SPDX-License-Identifier: Apache-2.0
-->
# Inference Profiles
IniClaw ships with an inference profile defined in `blueprint.yaml`.
The profile configures an OpenShell inference provider and model route.
The agent inside the sandbox uses whichever model is active.

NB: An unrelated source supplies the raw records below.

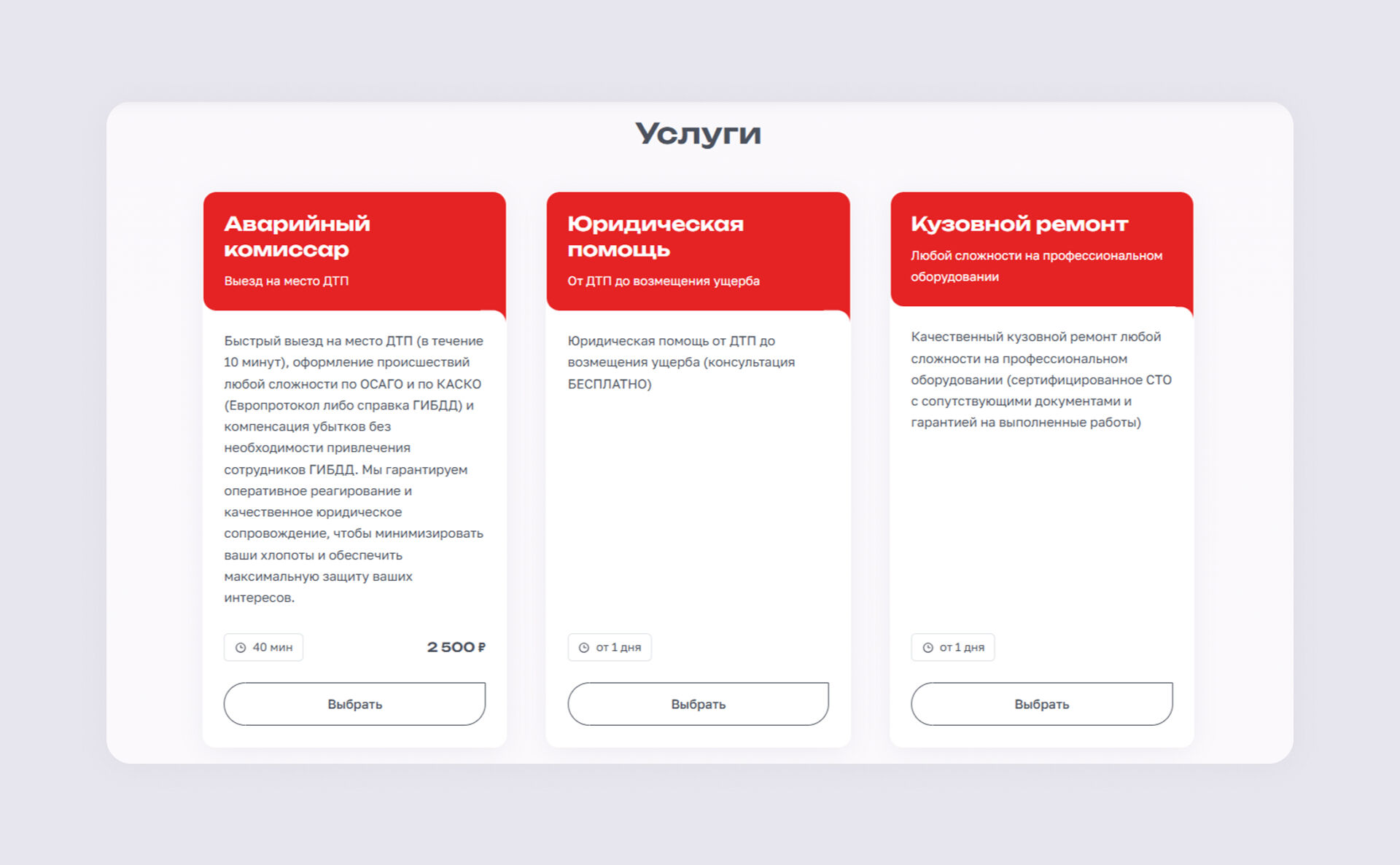Добавили раздел с услугами, их стоимостью и описанием. Это позволяет пользователю быстро и удобно ознакомиться с предложениями и выбрать наиболее подходящее решение. Помимо этого, в каждой «Услуге» есть кнопка «Выбрать», при нажатии на которую пользователь переходит к форме выбора звонка или отправки сообщения.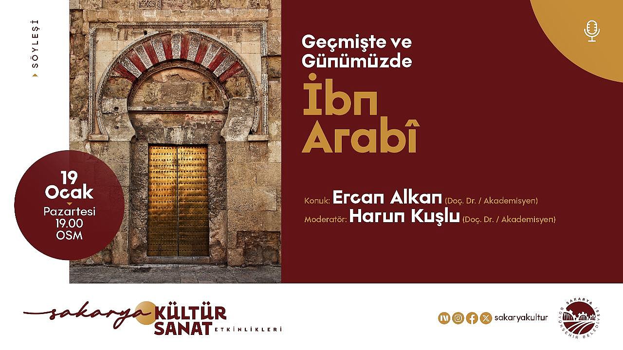 OSM’de İbn Arabi’nin düşünce yolculuğu ele alınacakBüyükşehir Ocak Kültür Sanat takvimi 19 Ocak Pazartesi günü OSM’de düzenlenecek “Geçmişte ve Günümüzde İbn Arabi” adlı söyleşi programıyla devam edecek. Doç. Dr. Ercan Alkan konuşmacı olarak katılacağı program saat 19.00’da başlayacak.Sakarya Büyükşehir Belediyesi Kültür ve Sosyal İşler Dairesi Başkanlığı tarafından düzenlenen Ocak Kültür sanat takvimi yeni haftaya düşünce ve tasavvuf dünyasına ışık tutacak bir söyleşi programıyla başlayacak.19 Ocak Pazartesi günü Ofis Sanat Merkezi’nde “Geçmişte ve Günümüzde İbn Arabi” adlı söyleşi programı gerçekleştirilecek. Saat 19.00’da başlayacak programa Doç. Dr. Ercan Alkan konuşmacı olarak katılacak. Söyleşinin moderatörlüğünü ise Doç. Dr. Harun Kuşlu üstlenecek.Hayatı, eserleri ve düşünce dünyası konuşulacakProgramda, İslam düşünce tarihinin en önemli mutasavvıflarından biri olan İbn Arabi’nin hayatı, eserleri, tasavvuf anlayışı ve düşünce sisteminin günümüz dünyasına etkileri kapsamlı şekilde ele alınacak.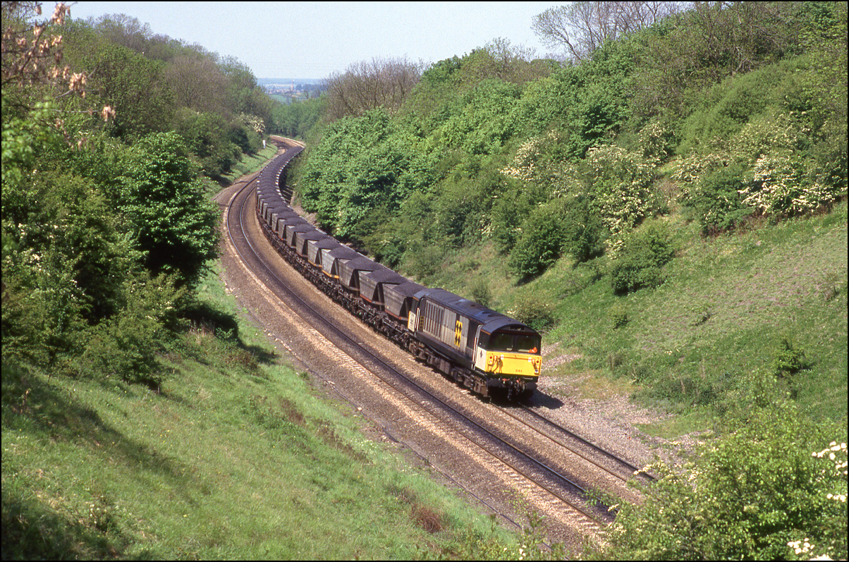 Class 58s were diagrammed for the Avon binliner from Calvert to Bath and Bristol in 1996. 58041 is pictured here at Water Eaton Farm near Islip with the returning empty containers on 4 April 1996. This was a bridge on a private road to the farm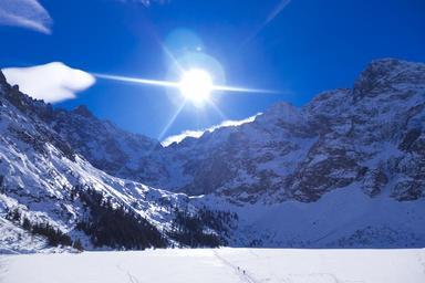 Keywords: tatry mountains winter in the mountains sky the sun view morskie oko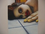 Color photo of a painting of a woman with exaggerated features shown at the Undergraduate All Student Show reception. The woman has her face pressed to the tile floor. Her lips are red and highly exaggerated in shape and size. Her hand is lying on the tile next to her face. Her nails are painted a bright yellow.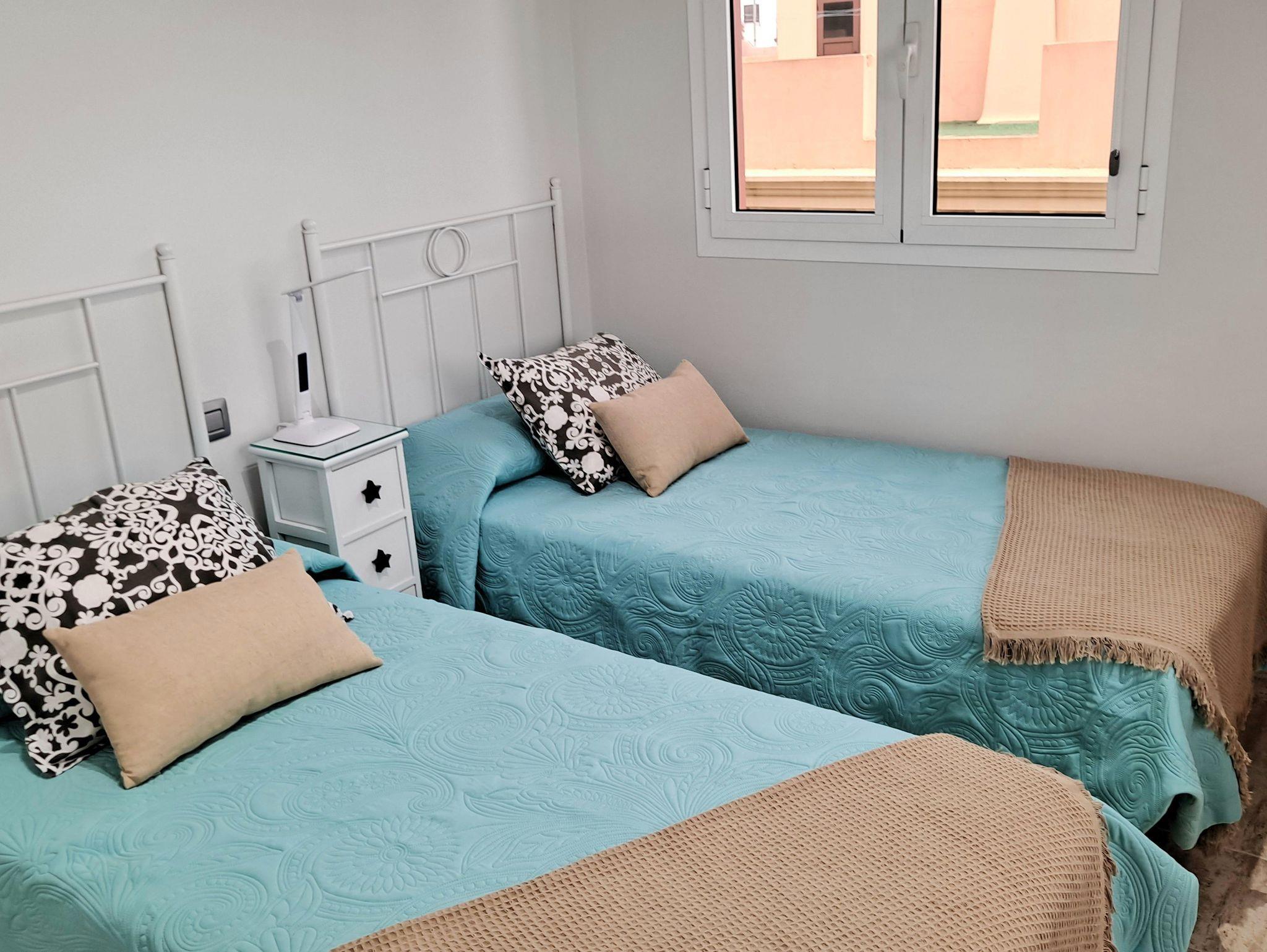 Im Schlafzimmer mit französischem Doppelbett steht ein großer Einbauschrank sowie ein kleiner Schreibtisch am Fenster. Ein Splitgerät (Klimaanlage/Heizung) sorgt für angenehme Temperaturen. Das zweite Schlafzimmer hat zwei getrennte Einzelbetten.

Inference requests are routed transparently through the OpenShell gateway.
## Profile Summary
| Profile | Provider | Model | Endpoint | Use Case |
|---|---|---|---|---|
| `default` | NVIDIA cloud | `nvidia/nemotron-3-super-120b-a12b` | `integrate.api.nvidia.com` | Production. Requires an NVIDIA API key. |
## Available Models
The `nvidia-nim` provider registers the following models from [build.nvidia.com](https://build.nvidia.com):
| Model ID | Label | Context Window | Max Output |
|---|---|---|---|
| `nvidia/nemotron-3-super-120b-a12b` | Nemotron 3 Super 120B | 131,072 | 8,192 |
| `nvidia/llama-3.1-nemotron-ultra-253b-v1` | Nemotron Ultra 253B | 131,072 | 4,096 |
| `nvidia/llama-3.3-nemotron-super-49b-v1.5` | Nemotron Super 49B v1.5 | 131,072 | 4,096 |
| `nvidia/nemotron-3-nano-30b-a3b` | Nemotron 3 Nano 30B | 131,072 | 4,096 |
The default profile uses Nemotron 3 Super 120B.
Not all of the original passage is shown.